■ What is needed: In your copy, leave out the pictures and repeat the entries below exactly.

Data items
- - - -

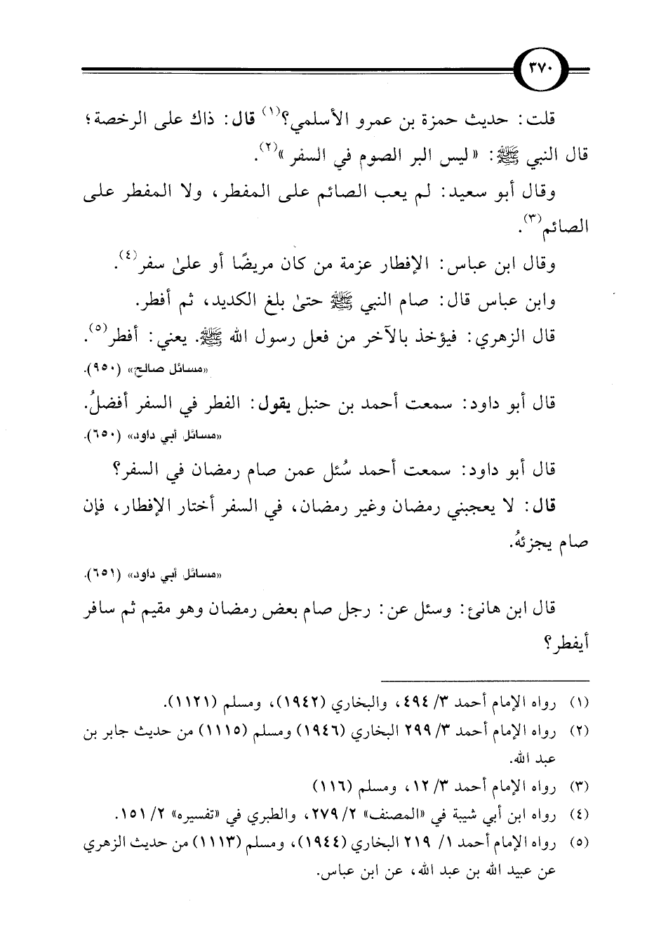 قال أبو داود: سمعت أحمد سُئل عمن صام رمضان في السفر؟
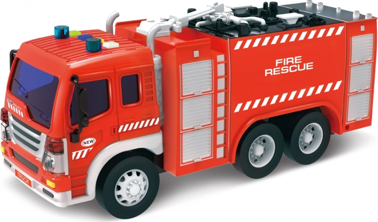 Geniet van realistisch spel met deze brandweerauto die is uitgerust met een spuit en effecten die een authentieke ervaring bieden. De auto is 28 cm lang en aangedreven door een vliegwiel, wat beweging vergemakkelijkt zonder constant op knoppen te hoeven drukken.
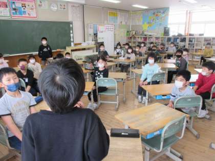 2年生 国語の授業の様子 公開日 2022/01/17 更新日 2022/01/17 2年生 3学期からは、毎週金曜日の3・4限は学年で授業をします。今日は、来週が本番のチャレンジテストの練習や、国語の学習を行いました。最初にスピーチタイムを行い、担当の子供が「生まれ変わったらなりたいもの」について話しました。話し手に体を向けて話を聞き、友達の発言に反応することが身に付いてきており、成長を感じました。友達と学び合う楽しさを実感できる時間にしていきたいと思います。
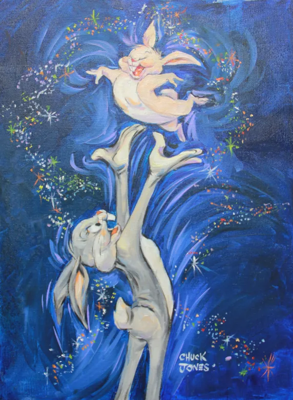 The inspiration for this work of art came from an original work by Chuck Jones featuring the Looney Tunes character, Bugs Bunny with Baby Bunny.
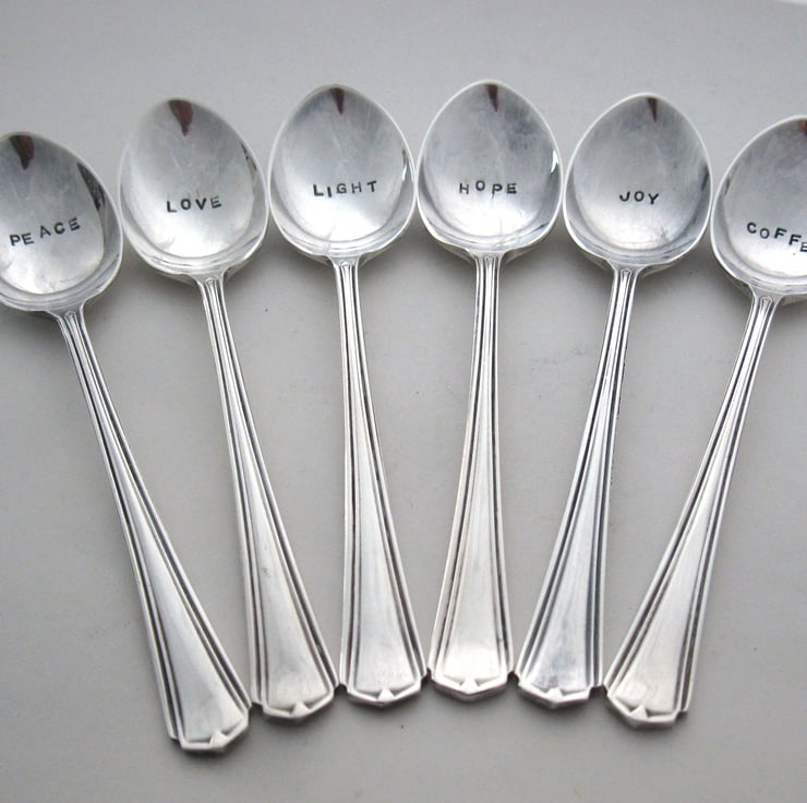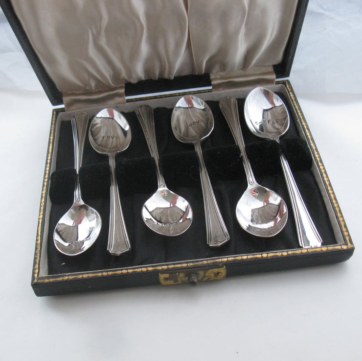 A matching set of six vintage silver-plated coffee spoons with art deco style handles, each handstamped in the bowl with a different festive blessing word: LOVE, LIGHT, PEACE, HOPE, JOY and of course COFFEE. I've put them in a vintage box (not definitely their original box) with a textured black exterior and foil detailing. Both box and spoons are a little bit old and battered albeit still in very good nick for their age. And after all, this is a bit of fun rather than top-of-the-range tableware!
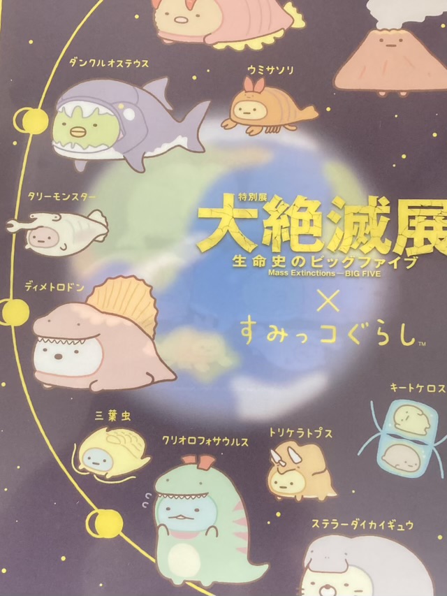 生物の移り変わりだけではなく、地殻変動や火山の様子等、幅広く絶滅前後の様子が解説されていました。標本・化石も多数展示されていて見応えがありましたね。
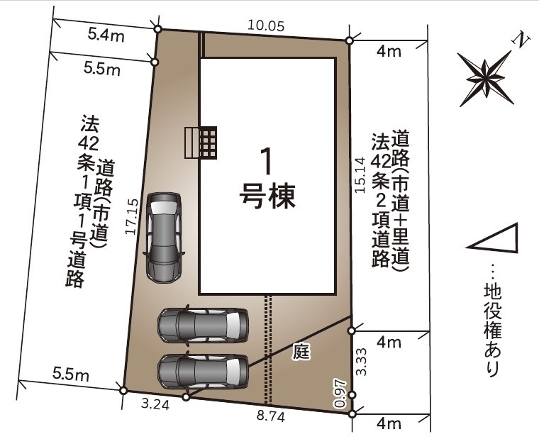 | 駐車場 | 2台 | 道路の幅員 | 西側5.4m公道 |
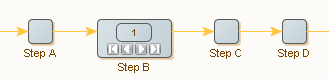 En supposant qu'il n'existe pas d'erreurs ou d'étapes de test, que l'étape B produise trois états de robot et que toutes les autres étapes produisent exactement un état de robot, les étapes sont exécutées dans l'ordre suivant : « A, B[1], C, D, B[2], C, D, B[3], C, D », où B[N ] fait référence à la Nième itération de l'activité de boucle contenue dans l'étape B. Notez que les états de robot de sortie de l'étape B sont des états de robot différents : chaque itération produit un nouvel état de robot. Ainsi, l'étape C reçoit un nouvel état de robot d'entrée chaque fois qu'elle est exécutée.

- - - -

■ Written reply:
 قال أبو داود: سمعت أحمد سُئل عمن صام رمضان في السفر؟
 Geniet van realistisch spel met deze brandweerauto die is uitgerust met een spuit en effecten die een authentieke ervaring bieden. De auto is 28 cm lang en aangedreven door een vliegwiel, wat beweging vergemakkelijkt zonder constant op knoppen te hoeven drukken.
 2年生 国語の授業の様子 公開日 2022/01/17 更新日 2022/01/17 2年生 3学期からは、毎週金曜日の3・4限は学年で授業をします。今日は、来週が本番のチャレンジテストの練習や、国語の学習を行いました。最初にスピーチタイムを行い、担当の子供が「生まれ変わったらなりたいもの」について話しました。話し手に体を向けて話を聞き、友達の発言に反応することが身に付いてきており、成長を感じました。友達と学び合う楽しさを実感できる時間にしていきたいと思います。
 The inspiration for this work of art came from an original work by Chuck Jones featuring the Looney Tunes character, Bugs Bunny with Baby Bunny.
 A matching set of six vintage silver-plated coffee spoons with art deco style handles, each handstamped in the bowl with a different festive blessing word: LOVE, LIGHT, PEACE, HOPE, JOY and of course COFFEE. I've put them in a vintage box (not definitely their original box) with a textured black exterior and foil detailing. Both box and spoons are a little bit old and battered albeit still in very good nick for their age. And after all, this is a bit of fun rather than top-of-the-range tableware!
 生物の移り変わりだけではなく、地殻変動や火山の様子等、幅広く絶滅前後の様子が解説されていました。標本・化石も多数展示されていて見応えがありましたね。
 | 駐車場 | 2台 | 道路の幅員 | 西側5.4m公道 |
 En supposant qu'il n'existe pas d'erreurs ou d'étapes de test, que l'étape B produise trois états de robot et que toutes les autres étapes produisent exactement un état de robot, les étapes sont exécutées dans l'ordre suivant : « A, B[1], C, D, B[2], C, D, B[3], C, D », où B[N ] fait référence à la Nième itération de l'activité de boucle contenue dans l'étape B. Notez que les états de robot de sortie de l'étape B sont des états de robot différents : chaque itération produit un nouvel état de robot. Ainsi, l'étape C reçoit un nouvel état de robot d'entrée chaque fois qu'elle est exécutée.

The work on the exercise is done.